• INPUT DATA

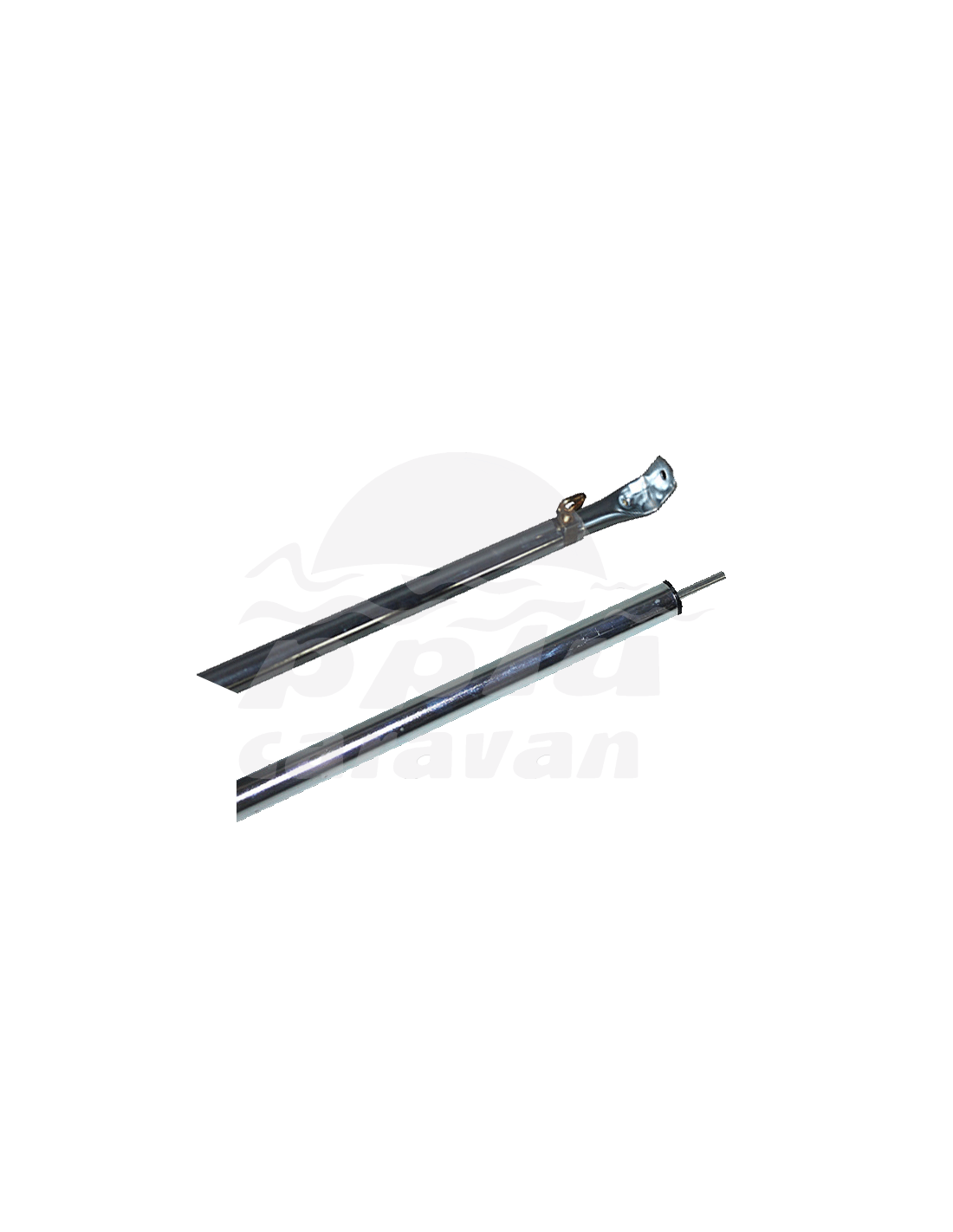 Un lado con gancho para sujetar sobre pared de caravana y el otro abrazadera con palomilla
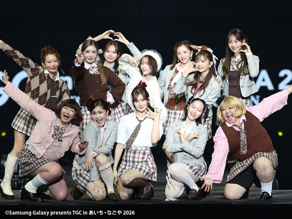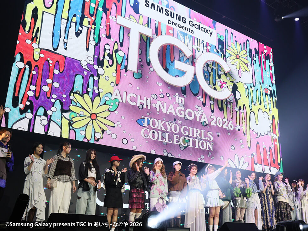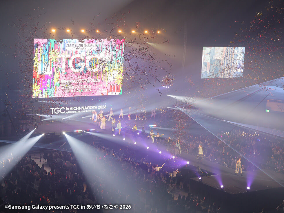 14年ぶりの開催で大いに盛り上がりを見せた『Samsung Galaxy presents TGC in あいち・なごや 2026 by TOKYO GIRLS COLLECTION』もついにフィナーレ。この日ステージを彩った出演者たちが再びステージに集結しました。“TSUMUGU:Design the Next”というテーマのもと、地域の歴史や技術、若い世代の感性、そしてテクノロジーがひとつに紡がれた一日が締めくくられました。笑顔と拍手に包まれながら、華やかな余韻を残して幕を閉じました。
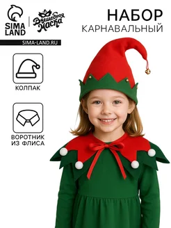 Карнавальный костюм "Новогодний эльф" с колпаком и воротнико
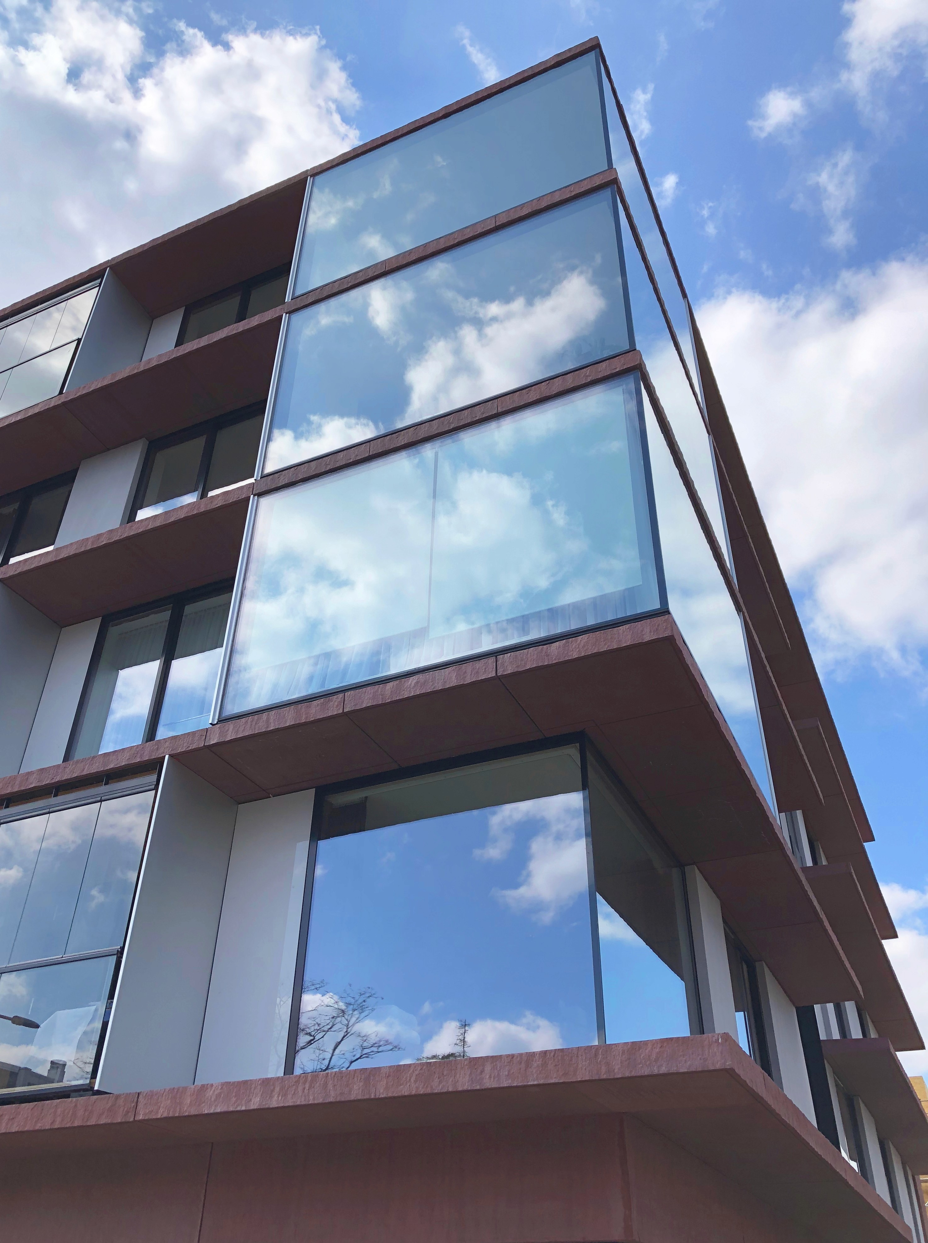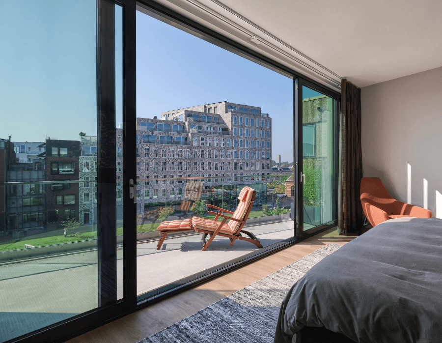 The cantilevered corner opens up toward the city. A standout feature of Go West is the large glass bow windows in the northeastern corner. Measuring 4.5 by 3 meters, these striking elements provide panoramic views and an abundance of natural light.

• WHAT TO WORK ON
Exclude the images, then output the data above word for word.

• COMPLETED TASK
 Un lado con gancho para sujetar sobre pared de caravana y el otro abrazadera con palomilla
 14年ぶりの開催で大いに盛り上がりを見せた『Samsung Galaxy presents TGC in あいち・なごや 2026 by TOKYO GIRLS COLLECTION』もついにフィナーレ。この日ステージを彩った出演者たちが再びステージに集結しました。“TSUMUGU:Design the Next”というテーマのもと、地域の歴史や技術、若い世代の感性、そしてテクノロジーがひとつに紡がれた一日が締めくくられました。笑顔と拍手に包まれながら、華やかな余韻を残して幕を閉じました。
 Карнавальный костюм "Новогодний эльф" с колпаком и воротнико
 The cantilevered corner opens up toward the city. A standout feature of Go West is the large glass bow windows in the northeastern corner. Measuring 4.5 by 3 meters, these striking elements provide panoramic views and an abundance of natural light.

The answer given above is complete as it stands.